The frame for the still-nascent diplomatic path forward is this: The United States and its allies will not stop imposing steep and escalating costs on the Kim Jong-un regime until it takes clear steps toward denucleari­sation. But the Trump administra­tion is now willing to sit down and talk with the regime while that pressure cam- paign is ongoing. Pence called it “maximum pressure and engagement at the same time”. That’s an important change from the previous US position, which was to build maximum pressure until Pyongyang made real concession­s and only then to engage directly with the regime.

“The point is, no pressure comes off until they are actually doing something that the alliance believes represents a meaningful step towards denucleari­sation,” Pence said. “So the maximum pressure campaign is going to continue and intensify. But if you want to talk, we’ll talk.”

Pence and Moon worked this out during their bilateral meeting on Thursday at the Blue House and their joint viewing of speedskati­ng heats in Pyeongchan­g on Saturday evening. Pence conferred with President Donald Trump every day he was in Asia. Before these meetings, the Trump and Moon administra­tions were not aligned on whether Seoul’s new engagement with Pyongyang should continue after the Olympics end.

That dissonance showed just before their first meeting, when Moon said he wanted Olympic engagement to lead to real negotiatio­ns while Pence talked only about the pressure track. But inside the meeting, there was a breakthrou­gh. Pence told Moon the internatio­nal community must not repeat the mistakes of the past by giv- ing North Korea concession­s in exchange for talking. Pence asked Moon for his idea of how this engagement could be different.

Moon assured Pence he would tell the North Koreans clearly that they would not get economic or diplomatic benefits for just talking – only for taking concrete steps towards denucleari­sation. Based on that assurance, Pence felt confident he could endorse post-Olympic engagement with Pyongyang.

“I think it is different from the last 20 years,” Pence said. I asked him what exact steps Pyongyang would have to take to get real sanctions relief. “I don’t know,” he said. “That’s why you have to have talks.”

The initial move the United States wants is for North Korea to put denucleari­sation on the table and take steps towards it, though that is not a condition for preliminar­y talks. That may be a bridge too far for the Kim regime, which is adamant that the internatio­nal community accept its nuclear status. Pyongyang is also sure to want concession­s from Washington, such as a delay in US-South Korean military exercises, a nonstarter for the alliance.

There are other spoilers that could torpedo the new opening. In Tokyo, Pence announced new sanctions on North Korea that he promised would be the toughest ever, due to be unveiled soon. In response, the Kim regime may resume testing its nuclear and missile programs, as it has done after past Olympic detentes. That would halt the diplomatic progress in its tracks.
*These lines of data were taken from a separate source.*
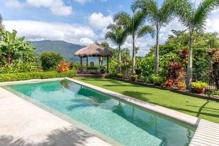 Magical balinese inspired eco-luxury poolside retreat for unforgettable experiences for families & groups so close to Noosa beach, Eumundi markets, the Doonan & the golfcourse! Indulge in tropical nature in this unique "treehouse" with breathtaking views & outstanding design! Meditate, do yoga, relax or visit Hastings Str, go surfing or swimming with your kids! Highlight: The Outside bathtub Watch "Experience the Junglehouse Noosa" (UTube) Contact me for retreats, elopements, or celebrations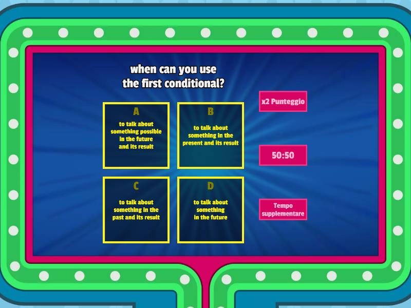 1) when can you use the first conditional? a) to talk about something possible in the future and its result b) to talk about something in the present and its result c) to talk about something in the past and its result d) to talk about something in the future 2) when the result clause comes first, what do we do? a) we add present simple b) we add present continous c) we add a comma d) we don't add the comma 3) which two things are used in the zero conditional a) "will" and "won't" clause b) "if" and "result" clause c) "but" and "can" clause 4) which of these two sentences is zero conditional a) My phone will ring if someone sends me a message b) If someone sends me a message, my phone makes a noise c) My phone can't ring when someone sends me a message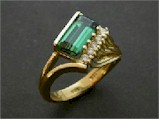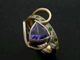 18ct Yellow Gold Ring set with Triangular Tanzanite, Diamonds and Emeralds Commissioned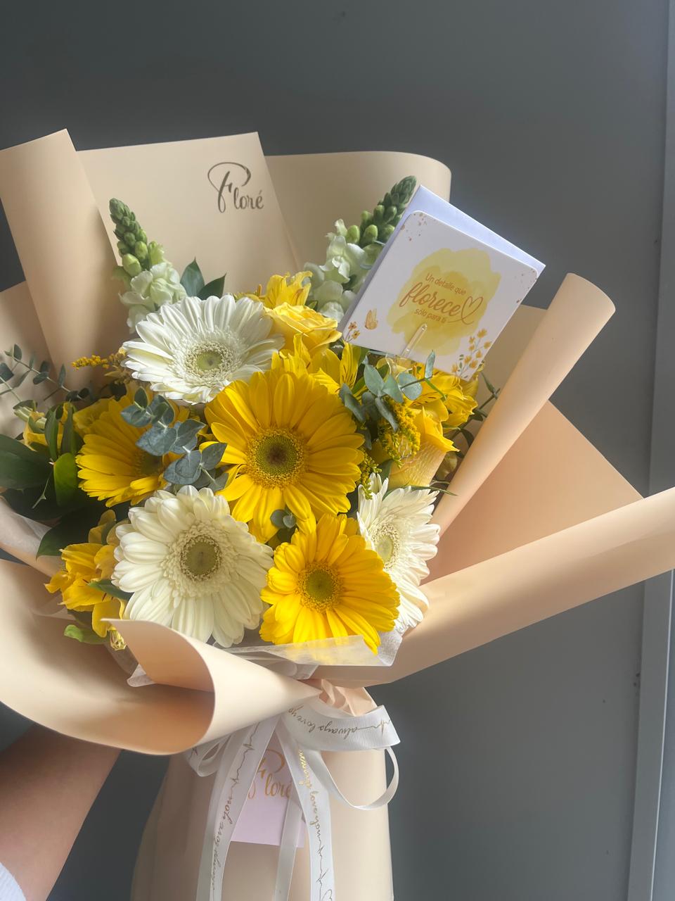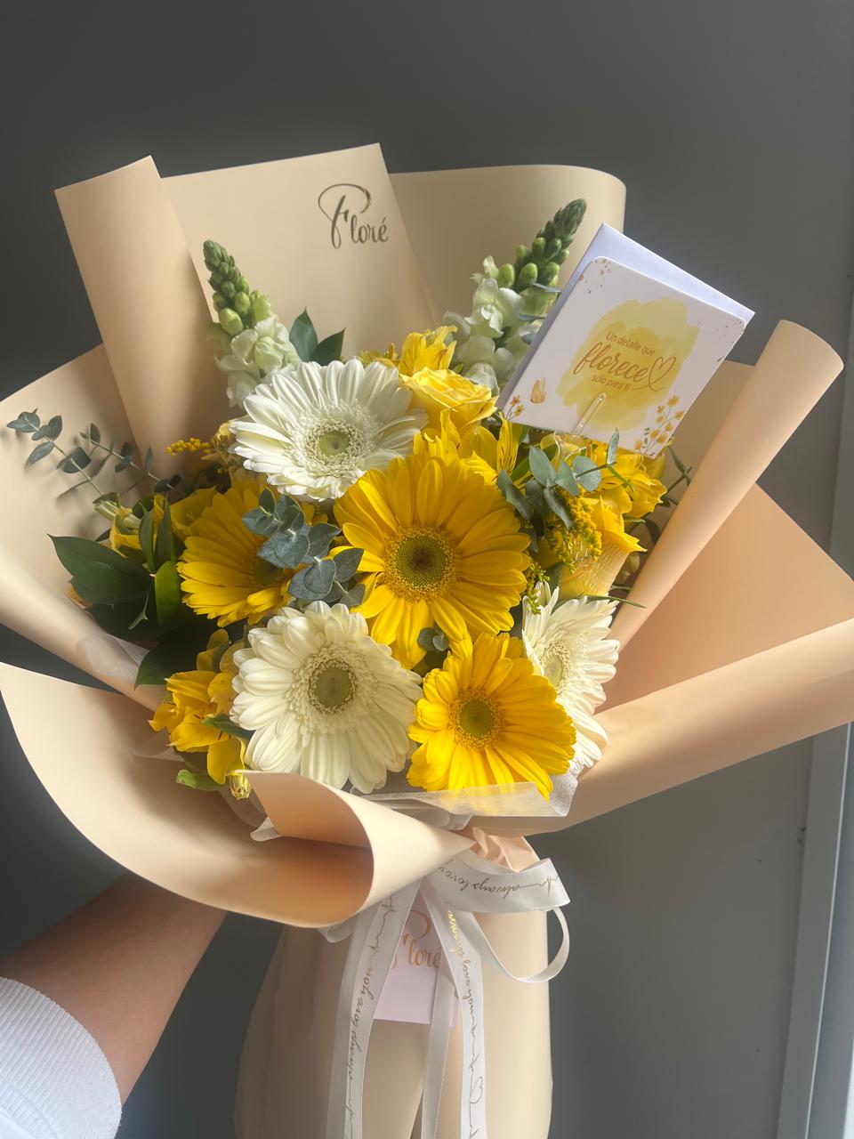 El ramo Rayo de Alegría de Floré está inspirado en la energía del sol y la vitalidad de los nuevos comienzos. Su composición combina 3 gerberas amarillas y 3 blancas, astromelias amarillas, dogo,3 rosas amarillas y un toque de verde eucalipto que equilibra la frescura y la luminosidad del diseño.

Moon is working hard to prevent that from happening. He is entertaini­ng a North Korean offer to visit Pyongyang. He is also urging the North Koreans to sit down with the United States at the earliest opportunit­y.

“Moon told me at the skating rink that he told [the North Koreans], ‘You’ve got to talk to the Americans,’” Pence said.

The idea of “talks about talks” is not new. In fact, Secretary of State Rex Tillerson has raised the idea multiple times. Trump himself has said he sees nothing wrong with talking with the North Koreans per se. Moving from that to substantiv­e negotiatio­ns would still be extremely difficult. But to make any real progress, talking is the first necessary step.

The White House’s endorsemen­t of the concept of initial talks without preconditi­ons is a hugely significan­t shift in strategy. It provides a real fix to the break between Washington and Seoul. It also increases the chances the United States and North Korea will soon begin a process that represents the best hope of preventing a devastatin­g internatio­nal conflict.